# RAG Quickstart for Azure AI Search

This quickstart provides a query for RAG scenarios. It demonstrates an approach for a chat experience using grounding data from a search index on Azure AI Search.

We took a few shortcuts to keep the exercise basic and focused on query definitions:

- We use the **hotels-sample-index**, which can be created in minutes and runs on any search service tier. This index is created by a wizard using built-in sample data.

- We omit vectors so that we can skip chunking and embedding. The index contains plain text.

A non-vector index isn't ideal for RAG patterns, but it makes for a simpler example.

Once you understand the fundamentals of integrating queries from Azure AI Search to an LLM, you can build on that experience by adding vector fields and vector and hybrid queries. We recommend the [phi-chat Python code example](https://github.com/Azure/azure-search-vector-samples/blob/main/demo-python/code/phi-chat/phi-chat.ipynb) for that step.

This example is fully documented in [Quickstart: Generative search (RAG) with grounding data from Azure AI Search](https://learn.microsoft.com/azure/search/search-get-started-rag). If you need more guidance than the readme provides, please refer to the article.


## Prerequisites

- [Azure OpenAI](https://learn.microsoft.com/azure/ai-services/openai/how-to/create-resource)

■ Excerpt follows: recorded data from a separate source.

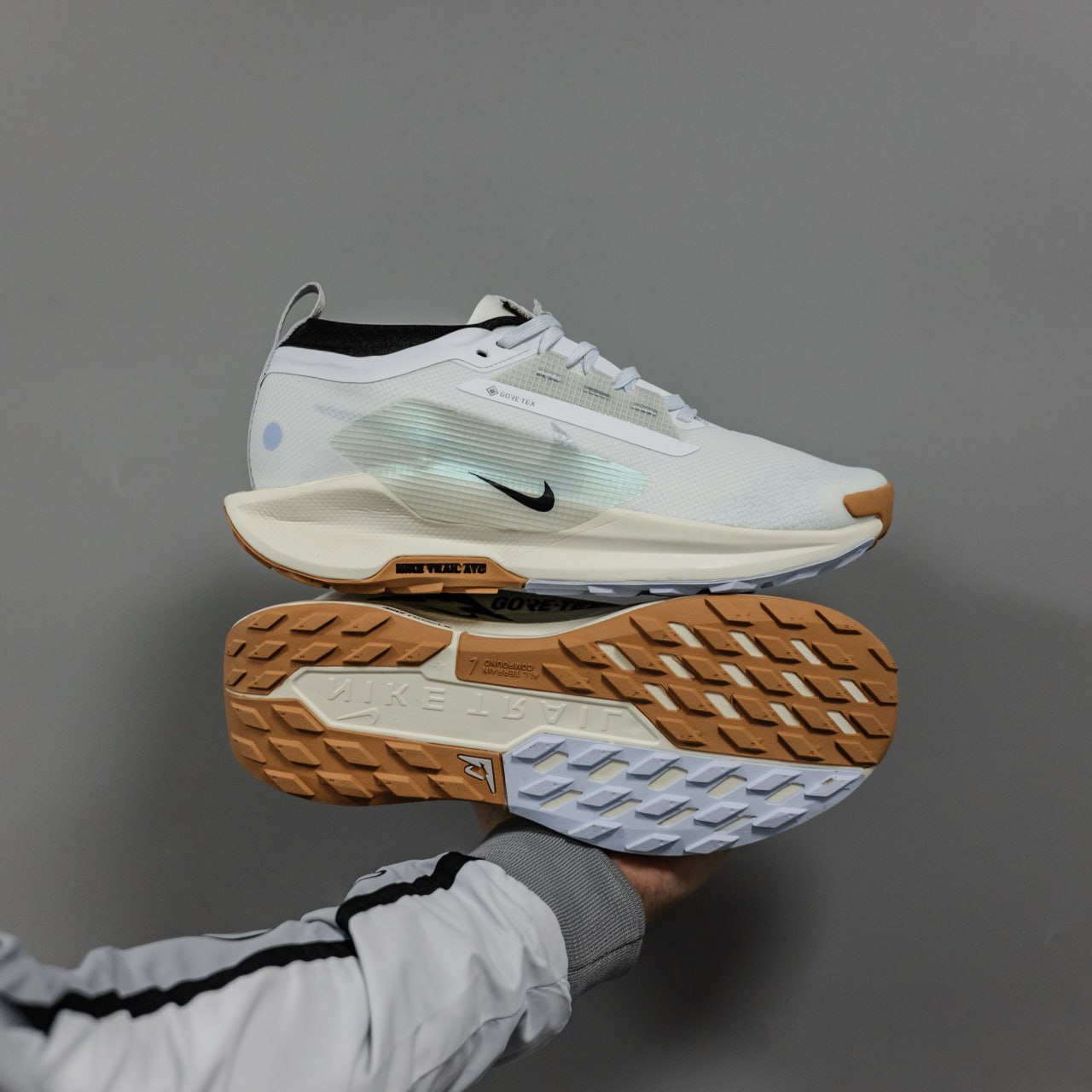 Nike Pegasus Trail 5 Gore-Tex — це водонепроникні трейлові кросівки у світлому кольорі з мембраною Gore-Tex, що забезпечують комфорт, захист і надійне зчеплення для бігу в складних погодних умовах.
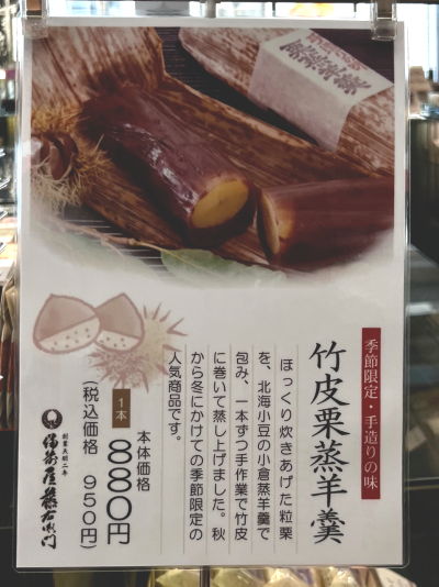 『竹皮栗蒸羊羹』、北海道小豆を使い手作業で竹皮に巻いて蒸しあげてるんですって。
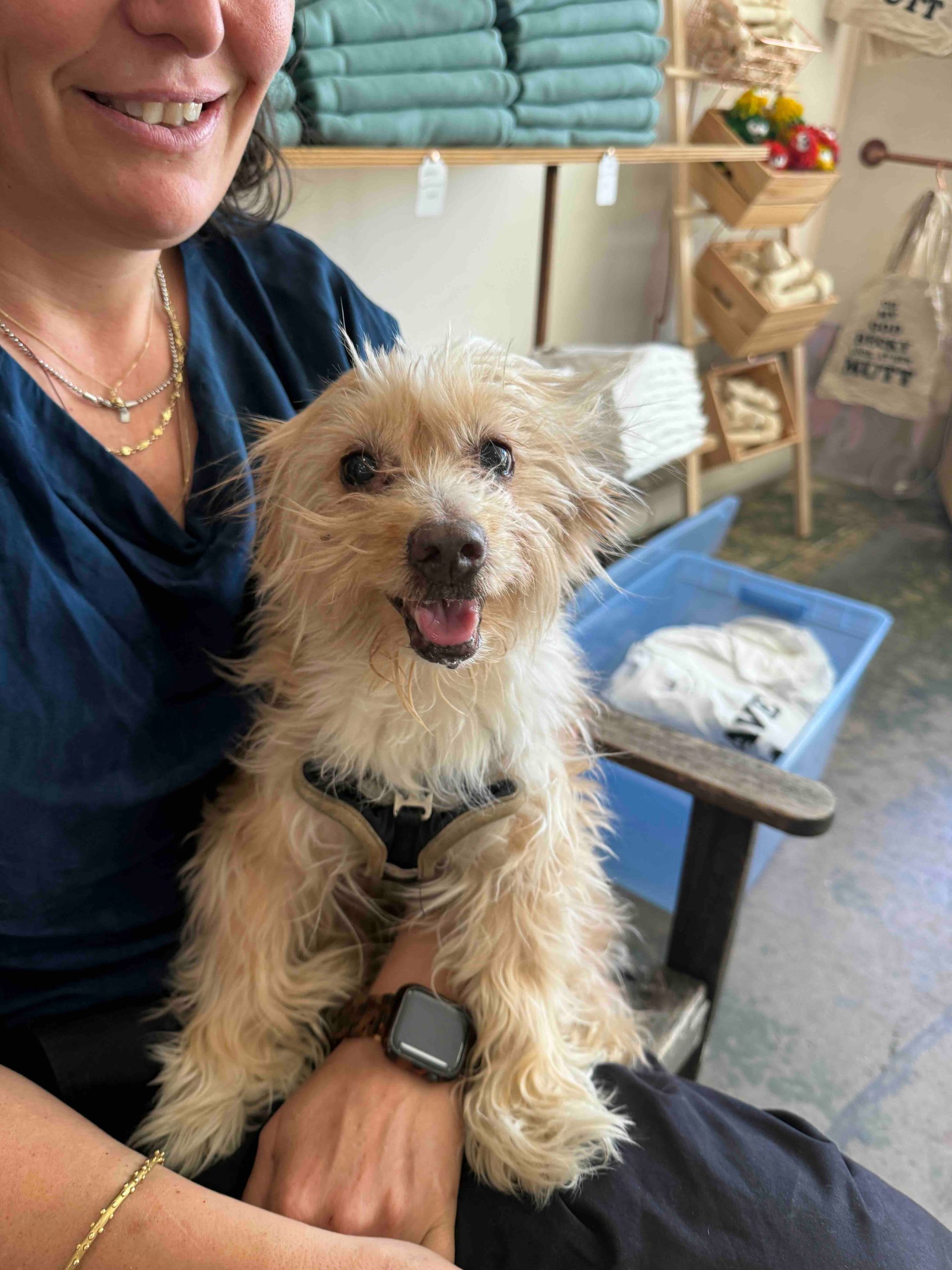 His name is Tobie and he is relaxed, easy on leash, was great for his bath and is great with other dogs. He has a chronic dry eye which will require eye drops, but this little senior is move in ready! #maedaytobie

  - Deploy a chat model (gpt-4o, gpt-4o-mini, or equivalent LLM).

- [Azure AI Search](https://learn.microsoft.com/azure/search/search-create-service-portal)

  - Basic tier or higher is recommended.
  - Choose the same region as Azure OpenAI.
  - Enable semantic ranking.
  - Enable role-based access control.
  - Enable a system identity for Azure AI Search.
  
Make sure you know the name of the deployed model, and have the endpoints for both Azure resources at hand. You will provide this information in the steps that follow.

## Configure access

This quickstart assumes authentication and authorization using Microsoft Entra ID and role assignments. It also assumes that you run this code from your local device.

1. To create, load, and query the sample index on Azure AI Search, you must personally have role assignments for: **Search Index Data Reader**, **Search Index Data Contributor**, **Search Service Contributor**.

1. To send the query and search results to Azure OpenAI, both you and the search system identity must have **Cognitive Services OpenAI User** permissions on Azure OpenAI.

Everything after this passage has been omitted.